— Task —
The records below are to be returned word for word, with pictures left out.

— Source records —
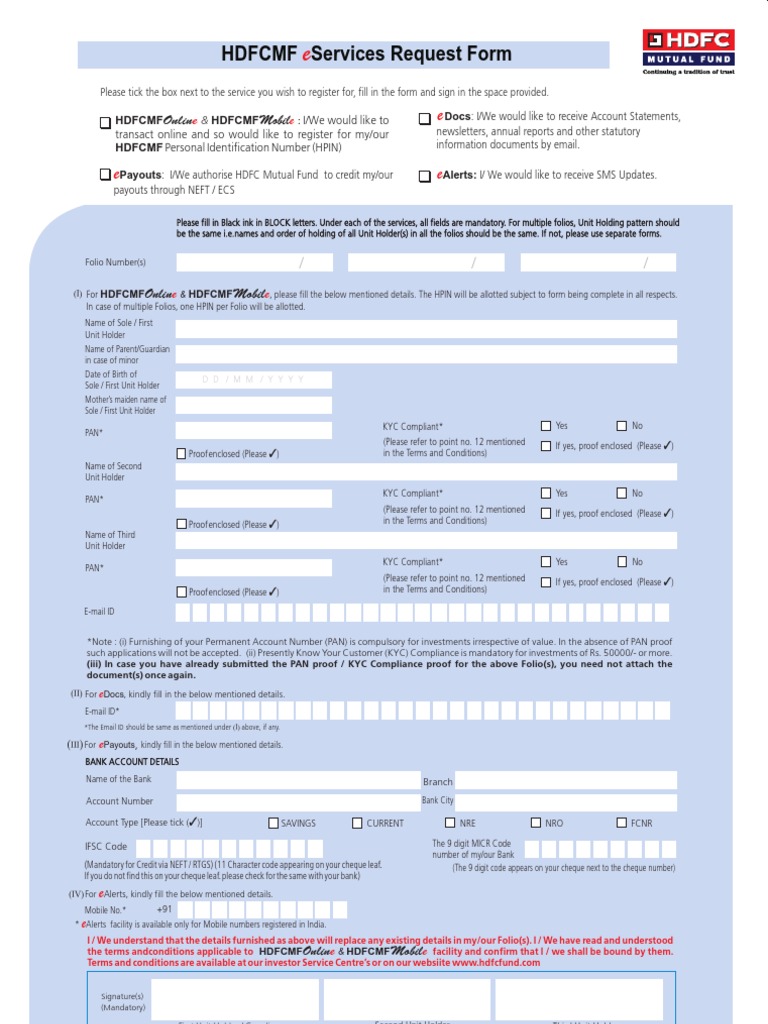 HDFCMF Services Request Form: Onlin | PDF | Mutual Funds | Cheque
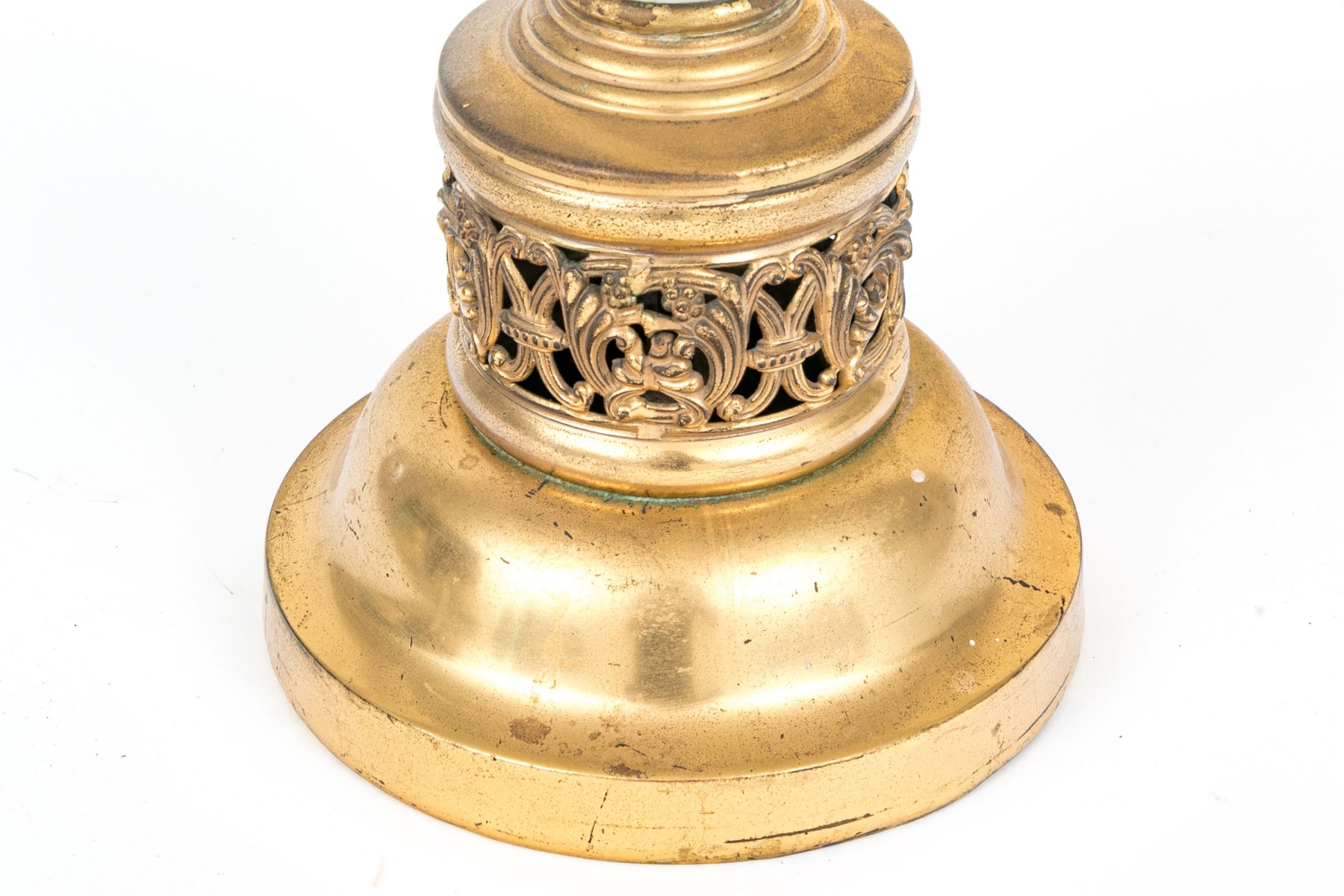 A large and well detailed altar crucifix depicting a silver plated figure of Jesus and I.N.R.I plaque on a brass cross leading down to a short white column over an openwork knop an gilt circular base.
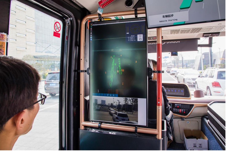 The first 5G-empowered autonomous bus in China starts regular passenger services in Suzhou HSR New Town in Suzhou, east China's Jiangsu Province, Oct. 22, 2020. (Photo by Shang Zhen/People's Daily Online)
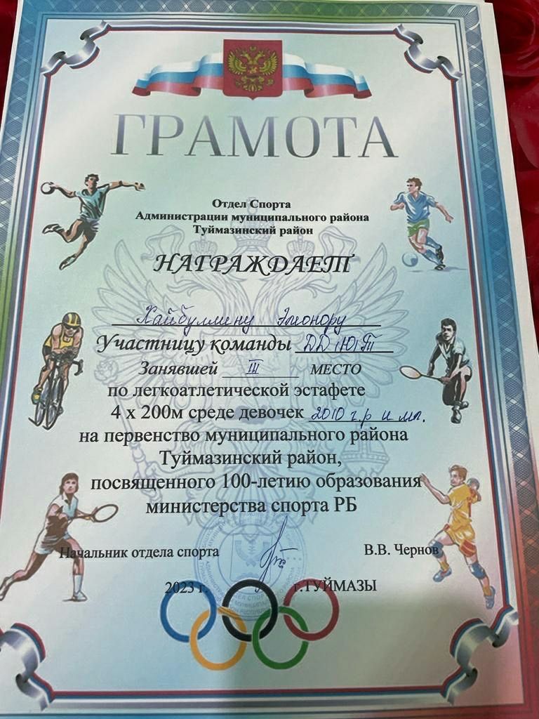 29 января 2023 года прошла легкоатлетическая эстафета на первенство муниципального района Туймазинский район, посвящённого 100- летию образования министерства спорта РБ. Ученица 6 а класса участница команды Ддют, заняла 3 место в эстафете 4x200 м среди девочек 2010 года (и младше) рождения.
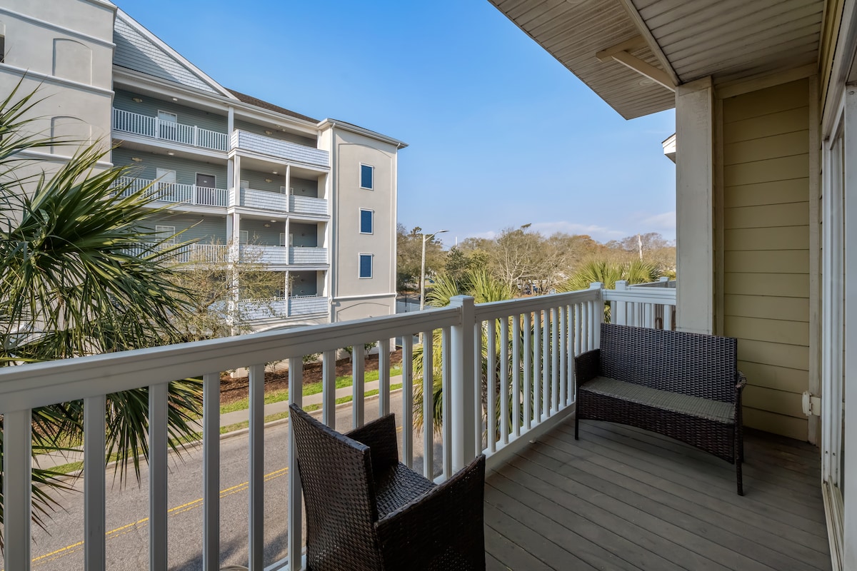 🌊 Escapada frente al mar | Recientemente renovado 2025 ¡Despertate con el sonido de las olas y las vistas panorámicas del Atlántico desde tu balcón privado! Este moderno y elegante departamento de 2 dormitorios en el corazón de Myrtle Beach cuenta con una decoración moderna, pisos de madera, sofá cama y colchones de primera calidad. Disfrutá de una cocina completa, lavadora/secadora y servicios del complejo turístico: piscinas cubiertas/al aire libre, jacuzzi, río lento y zona de chapoteo para niños. A pocos pasos de Family Kingdom, el paseo marítimo y el muelle de la 2nd Ave, ¡te espera la escapada costera perfecta!
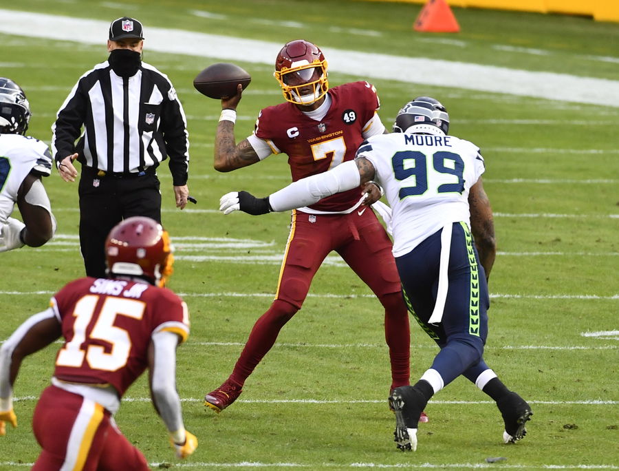 Dec 20, 2020; Landover, Maryland, USA; Washington Football Team quarterback Dwayne Haskins Jr. (7) attempts a pass as Seattle Seahawks defensive end Damontre’ Moore (99) defends during the second half at FedExField. Mandatory Credit: Brad Mills-USA TODAY Sports
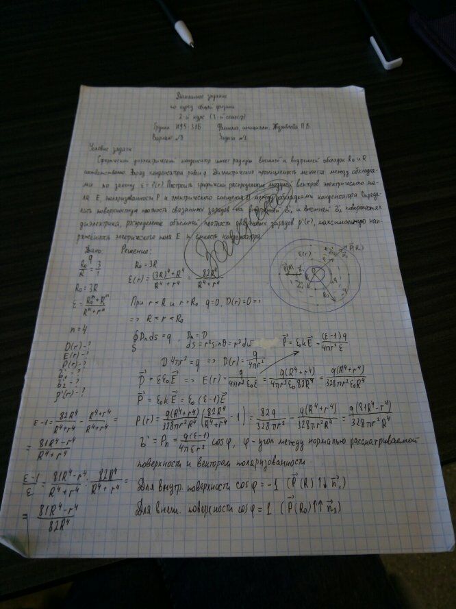 3 семестр, вариант 8, дз по физике №1 про сферический диэлектрический конденсатор, проверено и подписано преподавателем (Корогодина :) )
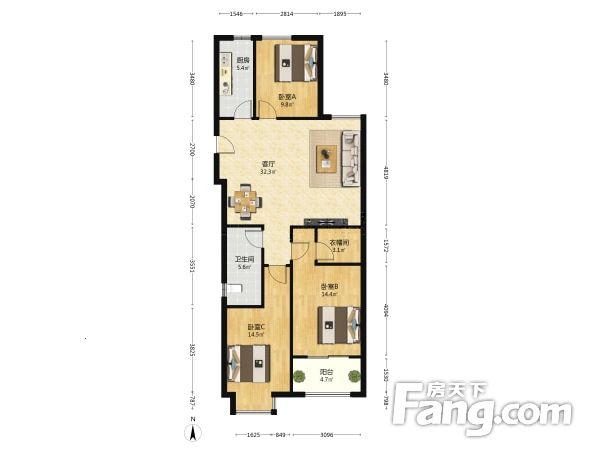 户型齐全,主打主卧朝南,卧室带阳台三居

— Written response —
 HDFCMF Services Request Form: Onlin | PDF | Mutual Funds | Cheque
 A large and well detailed altar crucifix depicting a silver plated figure of Jesus and I.N.R.I plaque on a brass cross leading down to a short white column over an openwork knop an gilt circular base.
 The first 5G-empowered autonomous bus in China starts regular passenger services in Suzhou HSR New Town in Suzhou, east China's Jiangsu Province, Oct. 22, 2020. (Photo by Shang Zhen/People's Daily Online)
 29 января 2023 года прошла легкоатлетическая эстафета на первенство муниципального района Туймазинский район, посвящённого 100- летию образования министерства спорта РБ. Ученица 6 а класса участница команды Ддют, заняла 3 место в эстафете 4x200 м среди девочек 2010 года (и младше) рождения.
 🌊 Escapada frente al mar | Recientemente renovado 2025 ¡Despertate con el sonido de las olas y las vistas panorámicas del Atlántico desde tu balcón privado! Este moderno y elegante departamento de 2 dormitorios en el corazón de Myrtle Beach cuenta con una decoración moderna, pisos de madera, sofá cama y colchones de primera calidad. Disfrutá de una cocina completa, lavadora/secadora y servicios del complejo turístico: piscinas cubiertas/al aire libre, jacuzzi, río lento y zona de chapoteo para niños. A pocos pasos de Family Kingdom, el paseo marítimo y el muelle de la 2nd Ave, ¡te espera la escapada costera perfecta!
 Dec 20, 2020; Landover, Maryland, USA; Washington Football Team quarterback Dwayne Haskins Jr. (7) attempts a pass as Seattle Seahawks defensive end Damontre’ Moore (99) defends during the second half at FedExField. Mandatory Credit: Brad Mills-USA TODAY Sports
 3 семестр, вариант 8, дз по физике №1 про сферический диэлектрический конденсатор, проверено и подписано преподавателем (Корогодина :) )
 户型齐全,主打主卧朝南,卧室带阳台三居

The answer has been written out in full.